Maria Gabriela Llansol, last year’s discovery. Something shifted after reading her Book of Communities (t. Audrey Young), and my reading keeps circling the same question marks, the unbeliefs. I’m not in any hurry to read the last two books of Llansol’s trilogy. There is little of her small body of work in translation but I’m told more is forthcoming.
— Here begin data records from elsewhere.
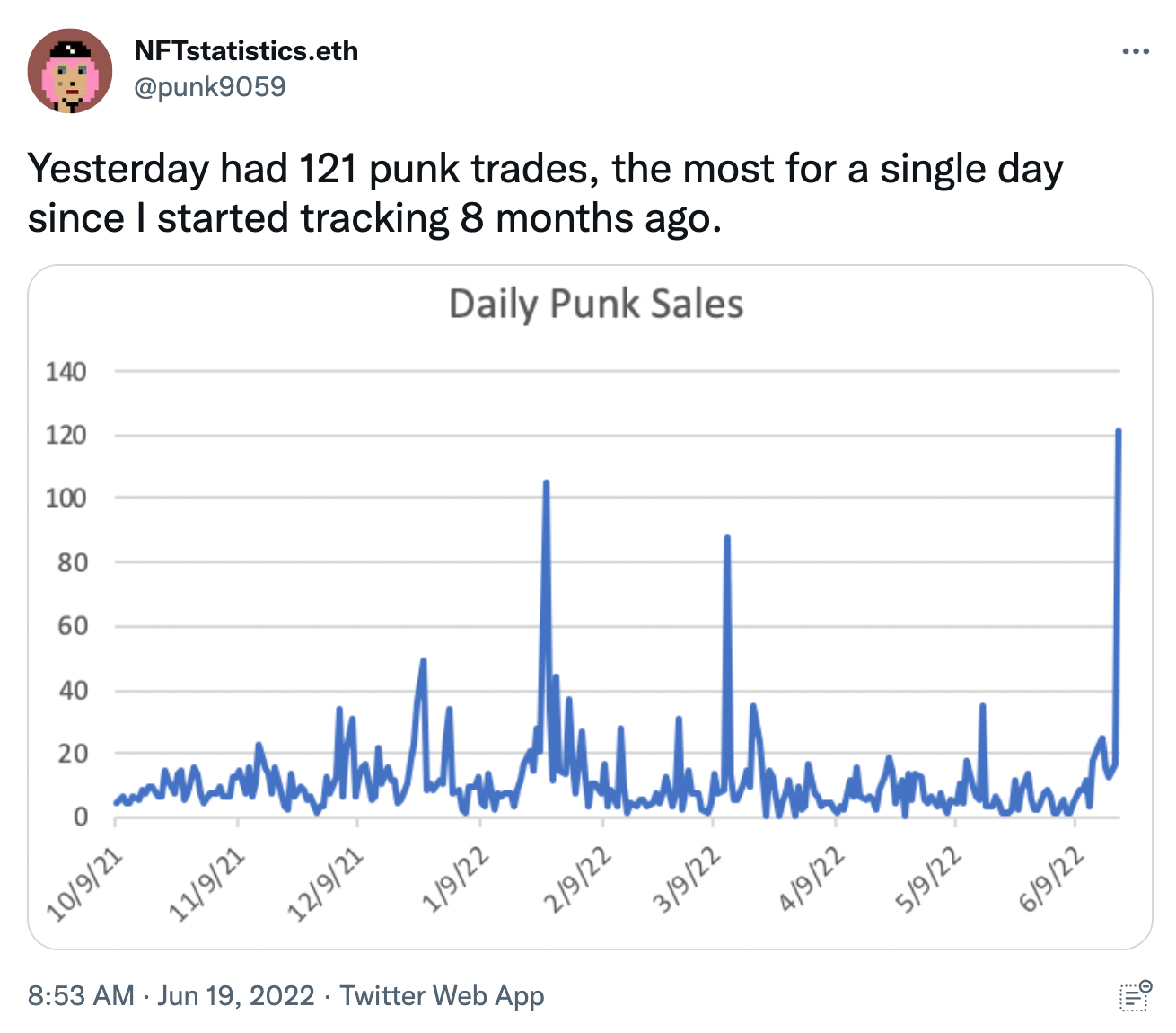 According to on-chain data analysis, as of June 19th at 2PM, 175 Punks had been traded in the last 48 hours, amounting to over $14 million at the time of writing. Transaction volume increased from Ξ200 to Ξ4,000 in just a few hours – making June 18th the highest volume trading day of the entire year for the CryptoPunks collection. These numbers stand out starkly, especially considering the severe bear market conditions.
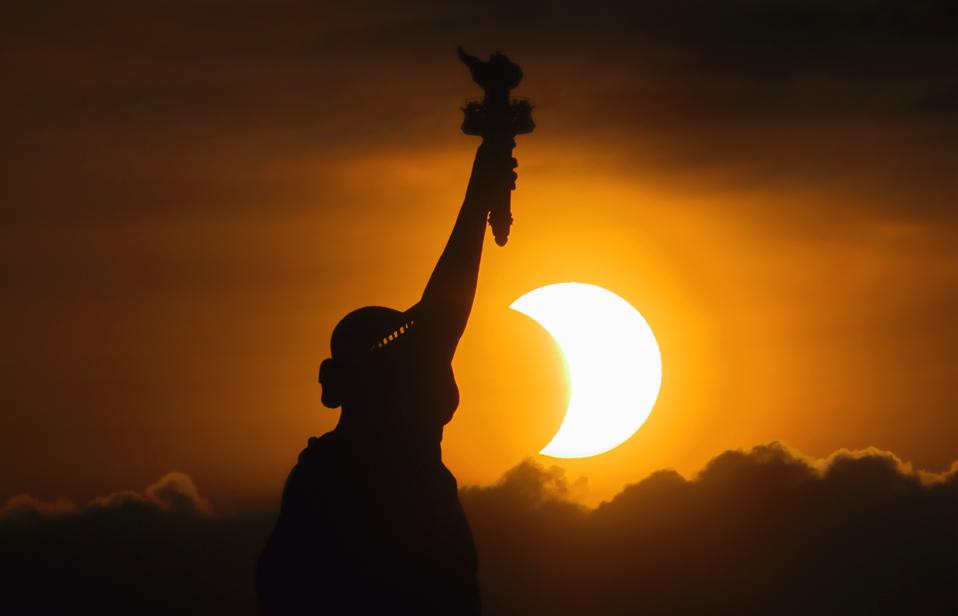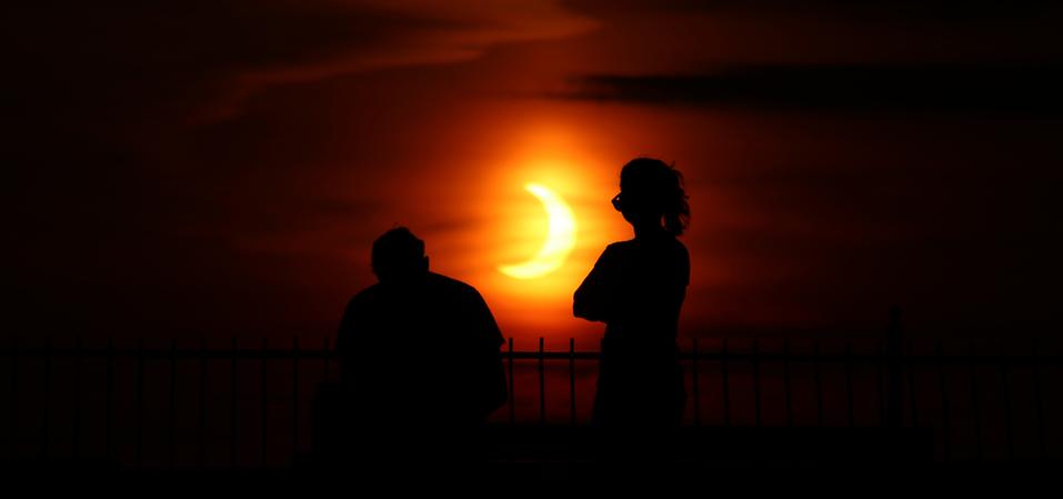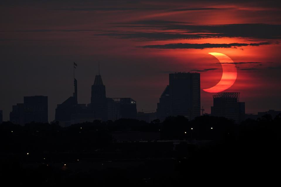 Those in New Jersey and New York arguably had an even stranger sight. In the moment that Sun rose, eclipsed, on the horizon it was possible to see two limbs of the Sun—the so-called “red devil horned” eclipse—poking above the horizon.
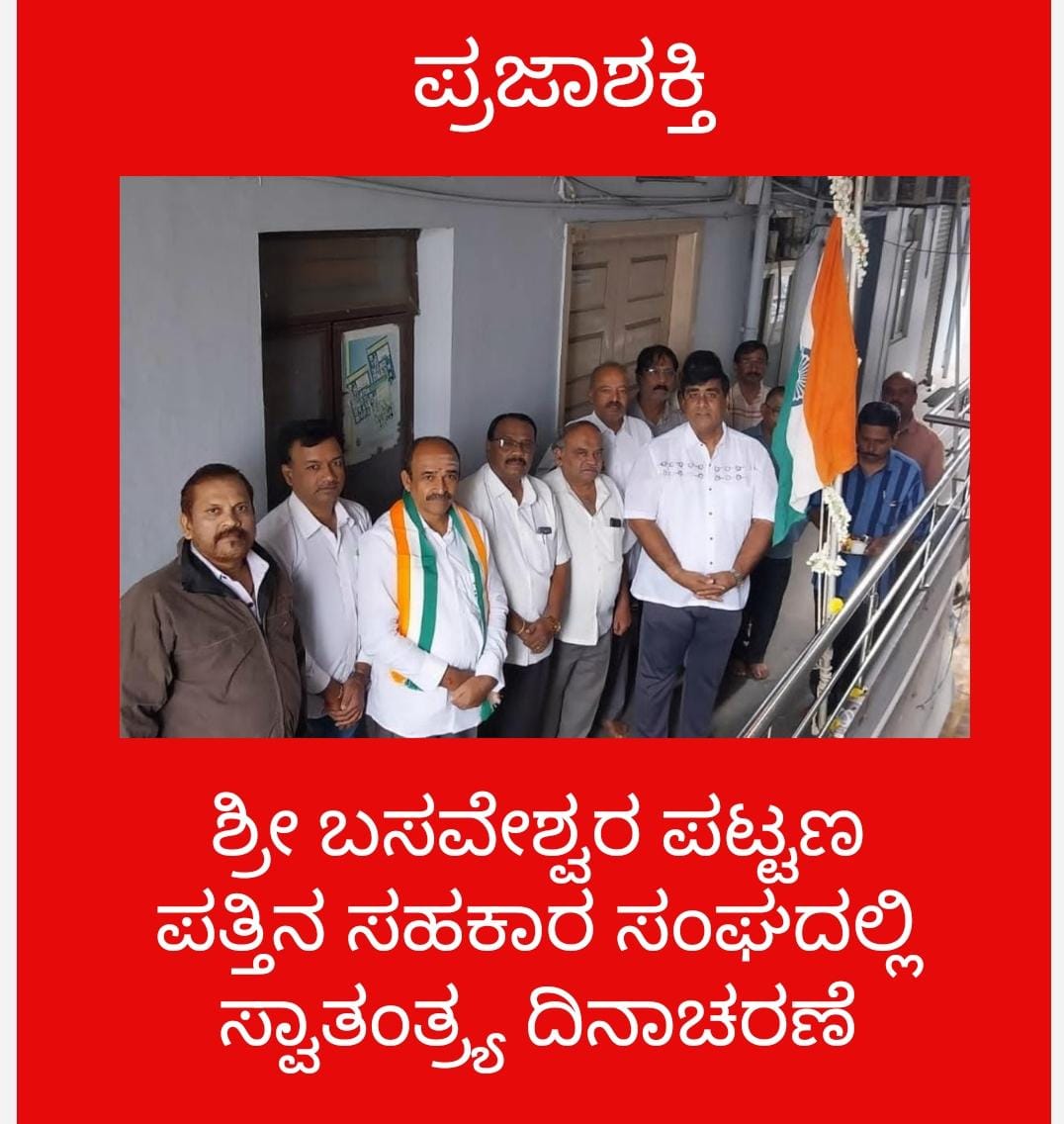ಶ್ರೀ ಬಸವೇಶ್ವರ ಸ್ವಾಮಿ ಪಟ್ಟಣ ಪತ್ತಿನ ಸಹಕಾರ ಸಂಘ ಬಸವ ಸದನ, ನೆಹರೂ ರಸ್ತೆ ಶಿವಮೊಗ್ಗ, ಕಚೇರಿ ಆವರಣದಲ್ಲಿ ಸಂಘದ ಅಧ್ಯಕ್ಷರಾದ ಶ್ರೀ ಬಳ್ಳೆಕೆರೆ ಸಂತೋಷ್ ರವರಿಂದ 79 ನೇ ಸ್ವಾತಂತ್ರ್ಯದಿನಾಚರಣೆಯ ಧ್ವಜಾರೋಹಣವನ್ನು ನೆರವೇರಿಸಲಾಯಿತು.
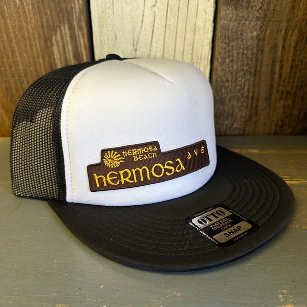 Hermosa Beach HERMOSA AVE Trucker Hat - Black/White (Flat Brim)
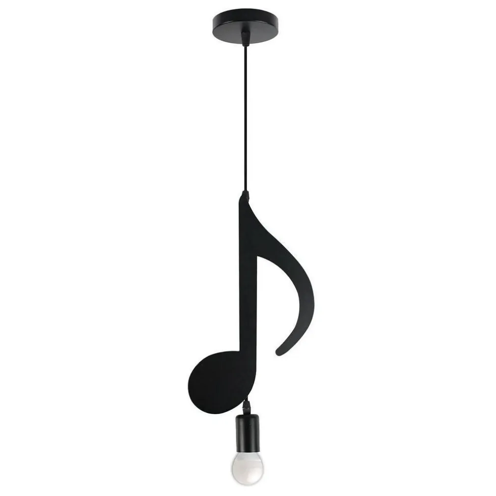 Arreda i tuoi spazi interni con un tocco di creatività, acquista i nostri lampadari con forma di nota croma. Lampadario a sospensione ideale per chi ama la musica e la creatività, perfetto da installare in ambienti domestici ma anche in negozi, lounge bar, pub, ristoranti. Realizzato in metallo nero opaco per dare un tocco originale ad ogni ambiente. Compralo in abbinamento con gli altri lampadari di questa linea per creare un effetto ancora più affascinante e divertente per le tue stanze. Bellissimo lampadario ideale per tutti gli amanti della musica perfetto da installare nel soffitto di una cameretta o della sala da pranzo.
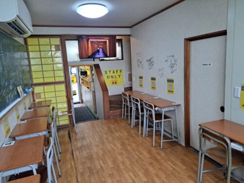 黒板には落書きがあり、なんだか学生時代を思い出して楽しくなりますね。
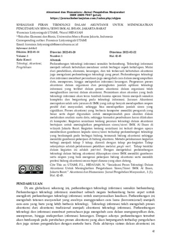 Fransisca, Listyaningsih Utami and Nurul, Hidayah (2022) Sosialisasi peran teknologi dalam akuntansi untuk meningkatkan pengetahuan siswa/siswi SMK Al-Ihsan, Jakarta Barat. Akuntansi dan Humaniora: Jurnal Pengabdian Masyarakat, 1 (1): 7. pp. 42-45. ISSN 2809-7947
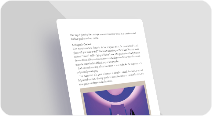 One way of planning for a strategic approach to content would be to consider each of the four quadrants of our matrix. 1. Magnetic Content How many times have clients in the last few years said at the end of a brief, “…and please will you make it viral.” That’s not something we like to hear. Not only do we mistrust “virality” itself – Ogilvy & Mather’s own video practice has officially banned the word from all internal discussions – but the degree to which a piece of content is magnetic or not is often difficult to plan for or predict. And our understanding of the root causes – what makes for the magnetism – is only recently developing. The magnetism of a piece of content is linked to arousal. Arousal is a state of heightened emotion, drawing people to share information or material. In short, it is what guides our fingers to the share icon. The apogee of experience design – so far at least – may be The Museum of Feelings. Glade transformed more than 5,000 square feet (465 square metres) of Manhattan space into an immersive pop-up experience to appeal to its visitors’ senses of sight, sound, touch and
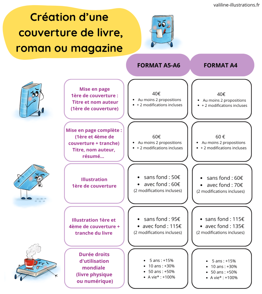 Exemple 2 : Un particulier souhaite illustrer son livre jeunesse (tranche d’âge de 3 à 6 ans) qu’il publiera en auto-édition au format de 20x20cm. Il souhaite 5 illustrations avec fond et 5 illustrations sans fond. Il souhaite aussi une illustration avec fond pour la 1ère et la 4ème de couverture Il choisi la durée d’exploitation de 5 ans.
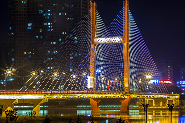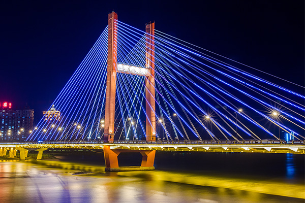 在深入相识桥梁周边情形后,桥梁泛光照明工程使用照明灯充分突出桥梁被照物在周边情形中的位置,与桥梁所属的周边情形造型艺术相融合。需要准确掌握桥梁景观照明所需的照明手艺和照明专业知识,突出桥梁自己与都会夜景生涯的要害环节。
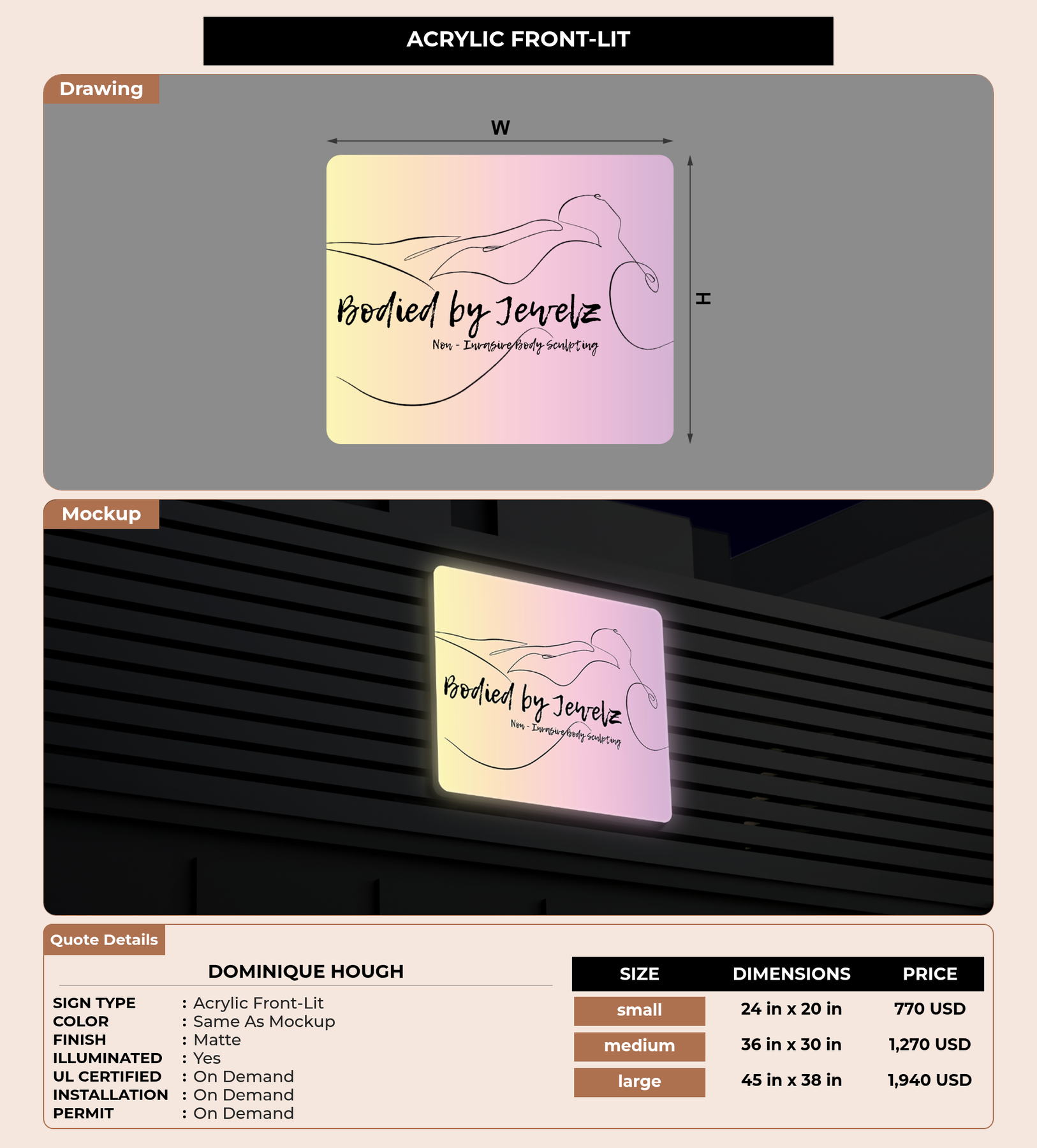 Enhance your business presence with our expertly crafted signage, made from top-quality material, to ensure longevity and durability. Fully customizable to reflect your unique brand identity, our signage offers a professional and polished appearance. Easy to install and low maintenance, it’s the perfect addition to any business setting. Trust us to deliver a product that not only meets but exceeds your expectations.

This snowbound weekend afforded time to read. Penelope Fitzgerald’s Beginning of Spring confirmed I’m not the reader for her elegant comedies of manners. I also read Kate Zambreno’s latest, Appendix Project, essays and talks based on sections excised from her remarkable Book of Mutter. I may have more to say on these. Zambreno’s writing gets richer with each book.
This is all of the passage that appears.